By good luck and good timing, Zara was taking Gordon’s classes during the time that he found a possible site in the desert south of the river, and by even better chance she had graduated by the time his funding was in place. And best of all, he had offered her a place on the team.
Until they had uncovered the massive marble lion from the sands of time, there could be certainty only in their hearts. But the classical authors had described Iskandiyar’s “Lion Gates,” and now it was proven almost beyond doubt. This was a city founded by Alexander the Great on his victorious Eastern march more than two thousand, three hundred years ago. Not long after his conquest here, he would weep because there were no more worlds to conquer.
And now here she was, finding history and making it at the same time Zara gazed out at the white pillars that shone so harshly in the fierce sun. She wondered sometimes about Alexander’s tears on that occasion. Had there been a hollow inside him that he could ignore as long as he kept on the move, kept fighting, kept conquering all he met and saw? Was it a lack in his own life rather than the lack of new worlds that had made him weep?
Zara wasn’t thirty-three, the age by which Alexander had conquered the then known world, and although to be associated with such exciting success was a wonderful piece of luck for someone so young, she still had plenty of worlds left to conquer.

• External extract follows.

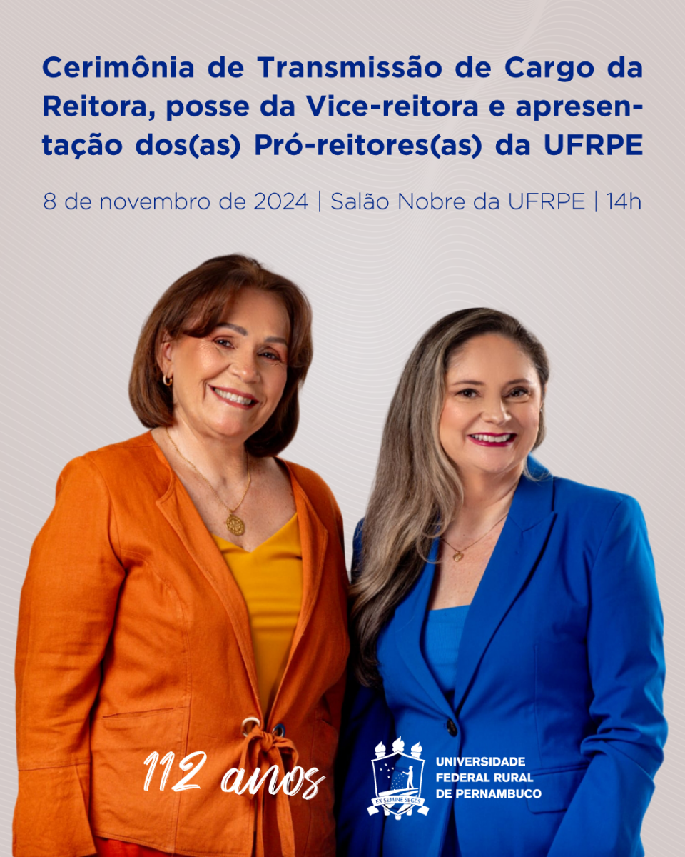 Na próxima sexta-feira (08/11), no Salão Nobre da Universidade Federal Rural de Pernambuco (UFRPE), às 14h, será realizada a Solenidade de Transmissão de Cargo da professora  Maria José de Sena, eleita em 2023, para quatro anos de mandato da Administração Superior da UFRPE. O evento também dará posse a professora Maria do Socorro de Lima Oliveira no cargo de vice-reitora. A Solenidade será presidida pelo professor Gabriel Rivas, vice-reitor da UFRPE(2020-2024). O evento será transmitido pelo canal do Youtube da UFRPE

But sometimes she had the urge to weep, because in unguarded moments her life seemed empty. She didn’t understand why. It was as if she had a voice inside telling her she had missed something, had left something out, as though there was something else she should have done or be doing.

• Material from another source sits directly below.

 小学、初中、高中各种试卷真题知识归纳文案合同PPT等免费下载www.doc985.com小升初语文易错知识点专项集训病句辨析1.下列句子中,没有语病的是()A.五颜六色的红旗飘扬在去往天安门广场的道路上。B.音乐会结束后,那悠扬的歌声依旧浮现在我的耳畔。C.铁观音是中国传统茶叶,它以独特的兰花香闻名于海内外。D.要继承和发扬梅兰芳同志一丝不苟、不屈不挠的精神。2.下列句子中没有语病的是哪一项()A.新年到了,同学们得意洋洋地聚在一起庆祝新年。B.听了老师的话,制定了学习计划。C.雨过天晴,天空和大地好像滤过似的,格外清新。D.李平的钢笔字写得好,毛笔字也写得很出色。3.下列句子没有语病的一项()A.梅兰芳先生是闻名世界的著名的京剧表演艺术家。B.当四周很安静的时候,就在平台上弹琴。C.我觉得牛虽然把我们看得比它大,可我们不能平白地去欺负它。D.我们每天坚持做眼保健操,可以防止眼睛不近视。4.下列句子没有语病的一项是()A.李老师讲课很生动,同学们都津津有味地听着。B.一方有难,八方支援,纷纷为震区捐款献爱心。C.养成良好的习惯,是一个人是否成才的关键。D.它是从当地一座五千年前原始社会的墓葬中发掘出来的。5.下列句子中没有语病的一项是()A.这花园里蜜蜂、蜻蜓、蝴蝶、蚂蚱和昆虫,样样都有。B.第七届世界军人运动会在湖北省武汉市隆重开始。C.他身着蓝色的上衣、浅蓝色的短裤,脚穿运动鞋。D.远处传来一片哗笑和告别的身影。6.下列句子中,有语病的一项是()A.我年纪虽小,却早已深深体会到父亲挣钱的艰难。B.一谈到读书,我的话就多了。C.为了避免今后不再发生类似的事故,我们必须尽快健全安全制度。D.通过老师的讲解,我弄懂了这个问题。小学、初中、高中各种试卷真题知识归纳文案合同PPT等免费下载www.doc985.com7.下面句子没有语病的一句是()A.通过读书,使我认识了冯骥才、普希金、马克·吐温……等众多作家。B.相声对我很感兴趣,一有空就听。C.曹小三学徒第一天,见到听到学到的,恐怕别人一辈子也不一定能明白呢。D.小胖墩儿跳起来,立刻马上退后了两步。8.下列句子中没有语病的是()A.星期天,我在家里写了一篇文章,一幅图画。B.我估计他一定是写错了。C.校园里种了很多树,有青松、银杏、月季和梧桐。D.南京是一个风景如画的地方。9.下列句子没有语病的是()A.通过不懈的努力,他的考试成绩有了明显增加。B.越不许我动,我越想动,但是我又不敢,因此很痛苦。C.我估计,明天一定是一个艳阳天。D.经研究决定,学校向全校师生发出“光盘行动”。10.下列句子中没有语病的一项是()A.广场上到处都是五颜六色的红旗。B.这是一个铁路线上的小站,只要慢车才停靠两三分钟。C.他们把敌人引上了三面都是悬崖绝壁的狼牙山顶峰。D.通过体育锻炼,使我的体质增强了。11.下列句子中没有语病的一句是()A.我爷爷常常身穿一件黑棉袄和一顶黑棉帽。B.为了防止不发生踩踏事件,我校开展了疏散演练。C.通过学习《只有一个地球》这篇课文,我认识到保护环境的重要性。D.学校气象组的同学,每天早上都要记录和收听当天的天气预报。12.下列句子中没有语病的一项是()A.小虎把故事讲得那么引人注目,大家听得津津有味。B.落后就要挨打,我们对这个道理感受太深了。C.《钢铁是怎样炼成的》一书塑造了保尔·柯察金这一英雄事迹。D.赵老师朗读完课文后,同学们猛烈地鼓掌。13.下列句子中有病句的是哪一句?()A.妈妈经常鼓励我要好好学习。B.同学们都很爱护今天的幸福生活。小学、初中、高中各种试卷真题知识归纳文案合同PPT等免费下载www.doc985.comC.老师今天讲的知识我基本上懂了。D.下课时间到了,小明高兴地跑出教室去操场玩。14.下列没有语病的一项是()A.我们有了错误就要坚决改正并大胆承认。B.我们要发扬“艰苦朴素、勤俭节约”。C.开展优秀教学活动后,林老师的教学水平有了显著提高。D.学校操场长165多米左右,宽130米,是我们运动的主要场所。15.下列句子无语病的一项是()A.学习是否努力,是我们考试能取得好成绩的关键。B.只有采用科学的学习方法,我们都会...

She loved her work. She had always loved history, right from the moment she had understood what history was. She enjoyed the mental exercise of trying to understand old ways, the things that had motivated cultures long disappeared. As a child she had been taken on a class field trip to a new archaeological dig on a site in downtown Toronto, and she could still remember her thrilled amazement when she realized that history could be touched, smelt, dug up out of the ground. From that moment she had known what she wanted to do with her life.
Nothing at all stood in her way. She got the marks, she was accepted at the University of Toronto, and Gordon had recognized her commitment and taken her under his wing, as he had several promising students before her, who now had reputations of their own in the field. She couldn’t have asked for a better start to her professional career than to work under a man of Gordon’s calibre on a find of such importance.

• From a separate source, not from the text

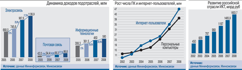 кризисное второе полугодие 2008 г. не сильно сказалось на итогах года для связи и ИТ. Общий объем сектора ИКТ за 2008 г. в 1803,7 млрд руб. означает 21,4%-ный рост по сравнению с 2007 г. (что ниже 25,8%-ного роста в 2007 г., но все равно является более чем оптимистичным показателем). 63% в размер отрасли в денежном выражении внесла электросвязь, 32% – ИТ и лишь 5% – почта. По темпам роста лидируют ИТ (плюс 28,9%, практически как и в 2007 г.), телеком снизил скорость роста с 25,4% в 2007 г. до 17,5% в 2008 г.
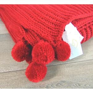 NEW Chunky Cable Knit POM POM THROW BLANKET Red 50x60" Cozy by Peking Handicraft

Her personal life was comfortable. She had had an easy, fairly happy childhood, and had come through the teenage years with only a couple of years of tears and slamming doors and impossible parents before things had righted themselves. Zara dated only casually, and kept things light. Of course one day she hoped to fall in love, but she was in no hurry.
And yet . . . like Alexander, she wanted to weep.
Why? What was missing from her life? What did she want?
For no reason at all, she was suddenly remembering the piercing eyes of the bandit chief as he stared at her on that morning a few days before. There had been another world in his eyes, a world far from her own neat, comfortable existence. That dark, hungry gaze had promised her a passion, a way of living she had never even dreamed of... till now.
For a moment she thought of what it would have meant if he had come after her... swung her up on his horse and ridden away with her. They said he might try to take a hostage, but he had not looked at her like a man who sees a potential hostage. Zara shivered at the memory of how he had looked at her.
She had run harder, faster than she had ever run in her life to escape him. Her heart had never beaten so hard. She closed her eyes, shutting out the glare of the sun on the desert, but the bandit’s eyes were still with her.